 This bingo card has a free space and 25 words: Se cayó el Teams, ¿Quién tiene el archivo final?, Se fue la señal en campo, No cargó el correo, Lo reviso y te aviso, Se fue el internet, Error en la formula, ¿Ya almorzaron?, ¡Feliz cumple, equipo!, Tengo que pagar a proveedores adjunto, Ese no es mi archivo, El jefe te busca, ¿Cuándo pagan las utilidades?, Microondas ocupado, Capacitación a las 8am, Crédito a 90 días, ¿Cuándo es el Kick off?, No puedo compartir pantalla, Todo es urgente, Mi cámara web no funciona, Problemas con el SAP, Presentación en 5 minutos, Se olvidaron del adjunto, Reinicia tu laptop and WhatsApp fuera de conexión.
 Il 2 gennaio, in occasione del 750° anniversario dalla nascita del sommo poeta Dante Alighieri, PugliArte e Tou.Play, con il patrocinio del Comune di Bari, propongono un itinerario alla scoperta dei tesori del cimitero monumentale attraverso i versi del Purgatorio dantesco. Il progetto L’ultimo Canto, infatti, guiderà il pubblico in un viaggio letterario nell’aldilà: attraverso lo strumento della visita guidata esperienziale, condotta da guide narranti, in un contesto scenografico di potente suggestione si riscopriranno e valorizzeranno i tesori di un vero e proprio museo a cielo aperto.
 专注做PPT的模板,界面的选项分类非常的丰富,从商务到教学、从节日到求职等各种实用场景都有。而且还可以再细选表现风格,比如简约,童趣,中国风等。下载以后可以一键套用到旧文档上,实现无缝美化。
-------
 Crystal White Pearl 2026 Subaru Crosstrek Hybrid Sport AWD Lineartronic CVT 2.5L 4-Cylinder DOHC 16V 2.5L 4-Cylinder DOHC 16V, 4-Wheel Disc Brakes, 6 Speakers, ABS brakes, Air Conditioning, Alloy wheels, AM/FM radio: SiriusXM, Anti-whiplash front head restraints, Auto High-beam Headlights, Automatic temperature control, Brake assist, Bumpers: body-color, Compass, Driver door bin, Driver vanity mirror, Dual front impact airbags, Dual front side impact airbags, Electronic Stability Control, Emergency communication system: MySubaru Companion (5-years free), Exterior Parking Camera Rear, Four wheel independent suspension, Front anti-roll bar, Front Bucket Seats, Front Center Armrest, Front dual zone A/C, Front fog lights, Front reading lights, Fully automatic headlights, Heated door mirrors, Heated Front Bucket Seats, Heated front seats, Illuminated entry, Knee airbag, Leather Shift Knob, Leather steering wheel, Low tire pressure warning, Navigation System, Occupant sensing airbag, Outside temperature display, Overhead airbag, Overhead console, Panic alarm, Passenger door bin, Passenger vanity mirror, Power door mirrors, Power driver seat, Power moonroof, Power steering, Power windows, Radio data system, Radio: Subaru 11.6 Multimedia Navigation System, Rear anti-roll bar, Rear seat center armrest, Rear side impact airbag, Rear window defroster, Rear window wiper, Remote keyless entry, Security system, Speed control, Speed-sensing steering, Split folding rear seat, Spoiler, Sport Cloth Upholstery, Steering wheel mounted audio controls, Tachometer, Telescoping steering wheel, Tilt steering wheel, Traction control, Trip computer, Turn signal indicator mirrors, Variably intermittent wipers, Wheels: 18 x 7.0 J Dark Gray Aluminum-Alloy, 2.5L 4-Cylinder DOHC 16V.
-------
◆ **Instructions to follow**:
In the listing above, locate the line containing "Il 2 gennaio, in" and the line containing "专注做PPT的模板,界面的选". Extract those two lines and every line between them, exactly as written, and only those.

◆ **Result**:
 Il 2 gennaio, in occasione del 750° anniversario dalla nascita del sommo poeta Dante Alighieri, PugliArte e Tou.Play, con il patrocinio del Comune di Bari, propongono un itinerario alla scoperta dei tesori del cimitero monumentale attraverso i versi del Purgatorio dantesco. Il progetto L’ultimo Canto, infatti, guiderà il pubblico in un viaggio letterario nell’aldilà: attraverso lo strumento della visita guidata esperienziale, condotta da guide narranti, in un contesto scenografico di potente suggestione si riscopriranno e valorizzeranno i tesori di un vero e proprio museo a cielo aperto.
 专注做PPT的模板,界面的选项分类非常的丰富,从商务到教学、从节日到求职等各种实用场景都有。而且还可以再细选表现风格,比如简约,童趣,中国风等。下载以后可以一键套用到旧文档上,实现无缝美化。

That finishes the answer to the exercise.